**WHAT NEEDS TO BE DONE:** Check each line below for the word "Systems". How many have it? Answer with the number only.

Records from a collection
----------

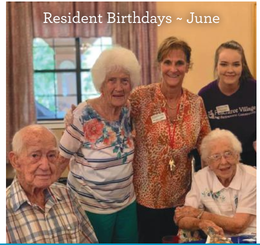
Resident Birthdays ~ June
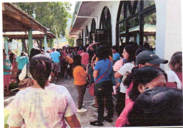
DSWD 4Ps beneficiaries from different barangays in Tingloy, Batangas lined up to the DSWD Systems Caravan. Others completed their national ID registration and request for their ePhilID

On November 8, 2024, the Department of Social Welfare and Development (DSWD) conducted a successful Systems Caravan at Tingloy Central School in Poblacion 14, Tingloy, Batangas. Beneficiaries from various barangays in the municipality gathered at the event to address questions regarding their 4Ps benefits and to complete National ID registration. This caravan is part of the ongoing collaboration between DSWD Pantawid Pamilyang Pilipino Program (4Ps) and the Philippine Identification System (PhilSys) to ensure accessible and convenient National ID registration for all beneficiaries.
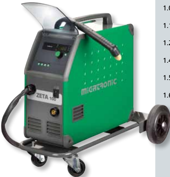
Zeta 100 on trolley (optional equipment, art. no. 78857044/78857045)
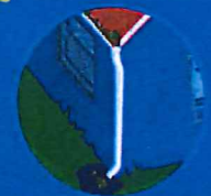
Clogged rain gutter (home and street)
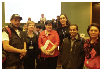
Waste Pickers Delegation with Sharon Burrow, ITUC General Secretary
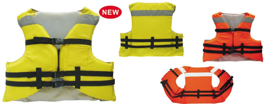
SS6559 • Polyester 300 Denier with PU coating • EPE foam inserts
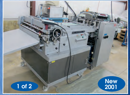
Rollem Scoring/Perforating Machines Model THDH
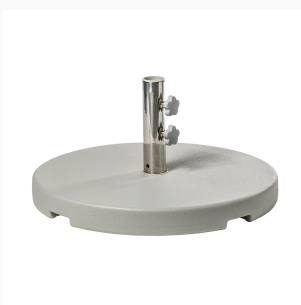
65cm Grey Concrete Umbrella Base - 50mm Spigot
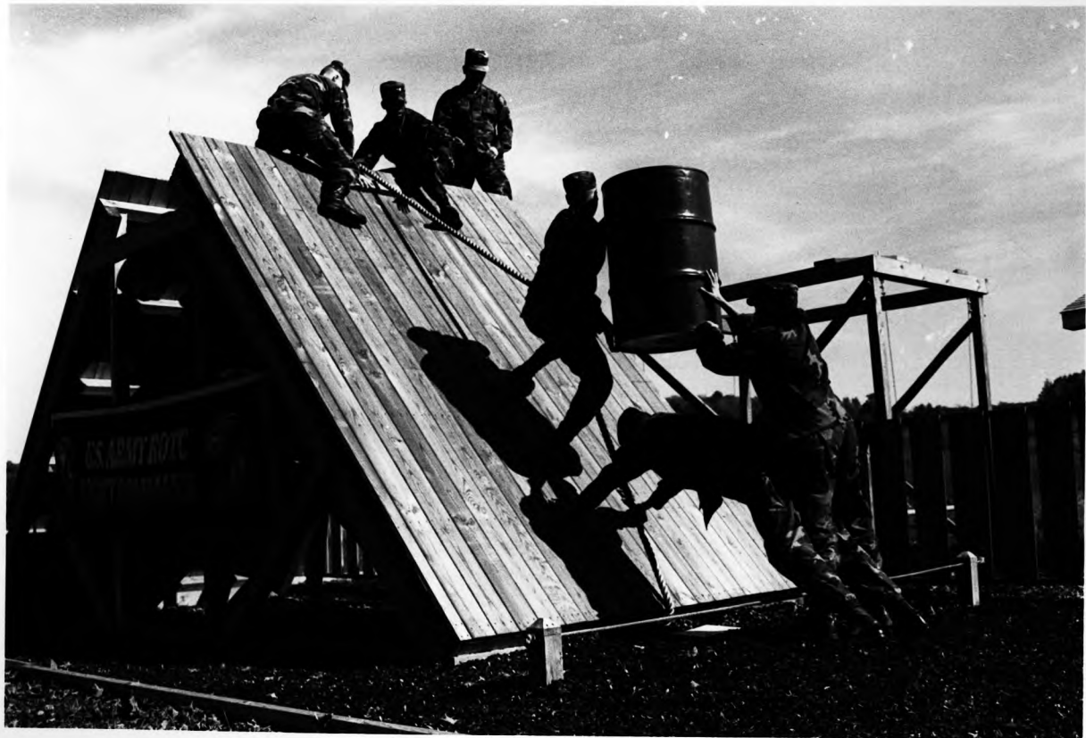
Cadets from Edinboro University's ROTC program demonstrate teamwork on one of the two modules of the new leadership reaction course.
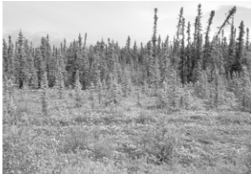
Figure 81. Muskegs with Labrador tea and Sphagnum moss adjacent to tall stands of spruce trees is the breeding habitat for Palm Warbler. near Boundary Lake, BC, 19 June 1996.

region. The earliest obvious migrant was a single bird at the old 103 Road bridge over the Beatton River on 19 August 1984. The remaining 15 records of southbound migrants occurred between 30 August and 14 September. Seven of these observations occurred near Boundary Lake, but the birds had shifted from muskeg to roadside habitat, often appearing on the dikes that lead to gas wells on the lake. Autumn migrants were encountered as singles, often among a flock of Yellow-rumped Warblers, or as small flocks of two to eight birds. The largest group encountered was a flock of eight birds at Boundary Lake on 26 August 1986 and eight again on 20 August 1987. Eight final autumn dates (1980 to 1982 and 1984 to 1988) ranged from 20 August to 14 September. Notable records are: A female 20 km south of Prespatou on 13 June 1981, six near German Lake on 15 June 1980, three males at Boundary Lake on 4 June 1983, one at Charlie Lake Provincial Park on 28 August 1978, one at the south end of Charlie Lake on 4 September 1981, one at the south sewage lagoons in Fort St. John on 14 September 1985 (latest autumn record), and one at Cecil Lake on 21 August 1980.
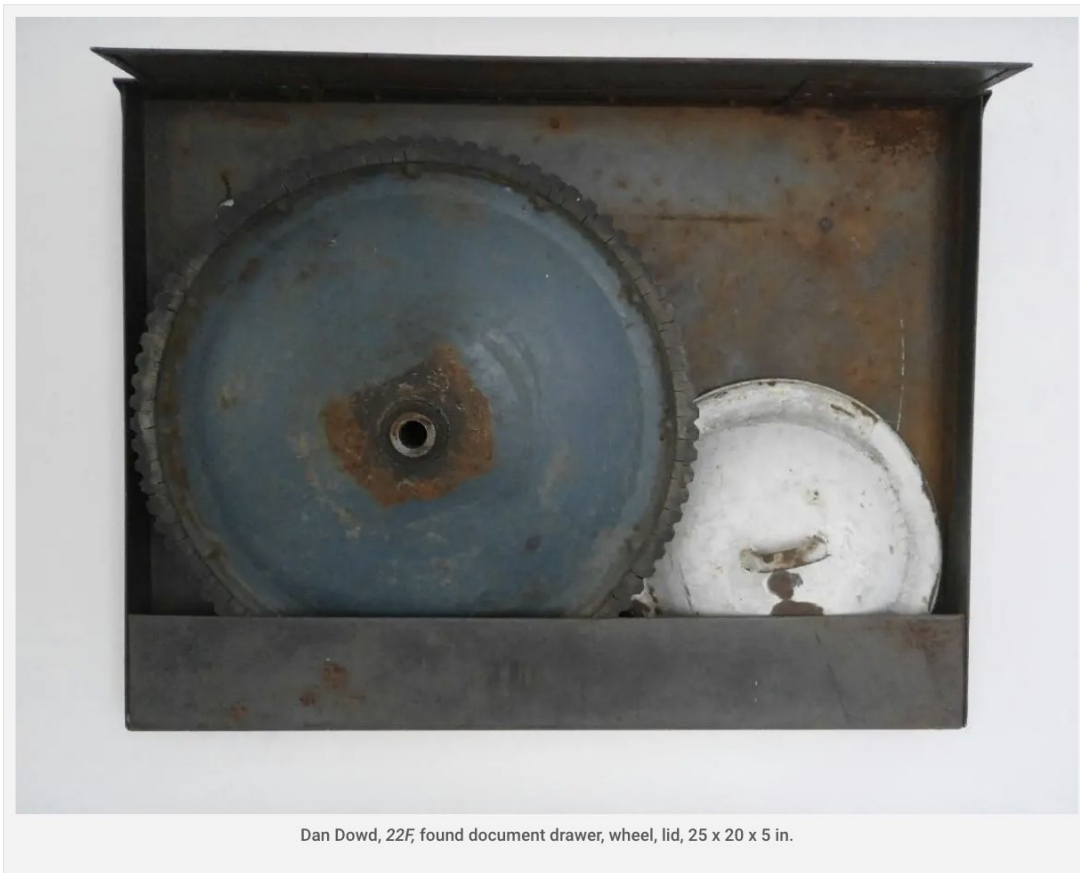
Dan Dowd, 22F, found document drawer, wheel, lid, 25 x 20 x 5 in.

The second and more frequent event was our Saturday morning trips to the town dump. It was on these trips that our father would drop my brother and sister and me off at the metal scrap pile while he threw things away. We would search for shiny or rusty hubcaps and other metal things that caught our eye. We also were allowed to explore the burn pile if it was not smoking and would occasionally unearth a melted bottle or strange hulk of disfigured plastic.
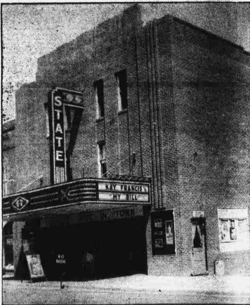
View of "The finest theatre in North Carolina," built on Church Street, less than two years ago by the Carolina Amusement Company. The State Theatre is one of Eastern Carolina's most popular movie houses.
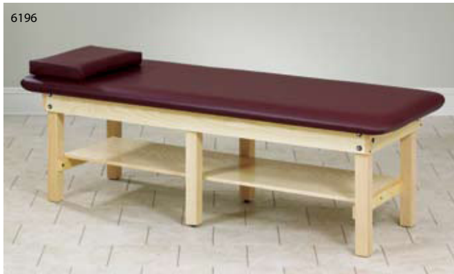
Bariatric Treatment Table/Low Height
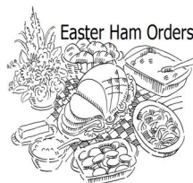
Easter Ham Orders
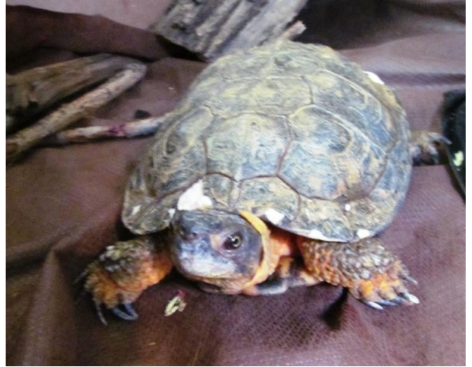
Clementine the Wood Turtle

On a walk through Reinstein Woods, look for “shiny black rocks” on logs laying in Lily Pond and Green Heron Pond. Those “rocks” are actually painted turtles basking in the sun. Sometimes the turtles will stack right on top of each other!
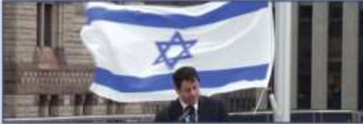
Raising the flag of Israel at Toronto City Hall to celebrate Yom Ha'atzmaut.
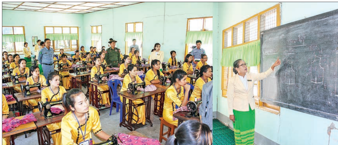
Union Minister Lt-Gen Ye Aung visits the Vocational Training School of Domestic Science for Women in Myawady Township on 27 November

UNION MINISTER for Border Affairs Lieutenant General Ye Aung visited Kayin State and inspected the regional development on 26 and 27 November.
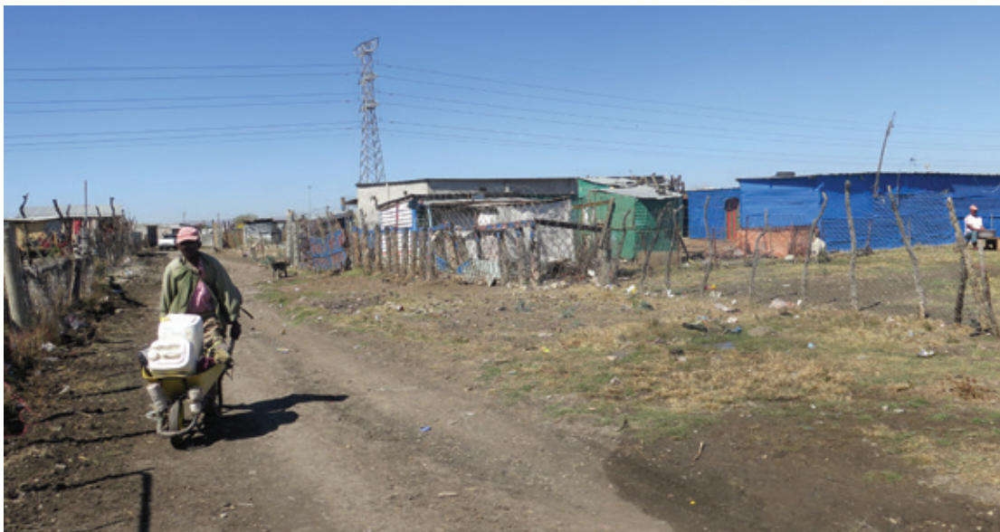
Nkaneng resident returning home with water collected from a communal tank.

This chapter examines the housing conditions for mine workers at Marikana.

----------

**ANSWER BOX:** 2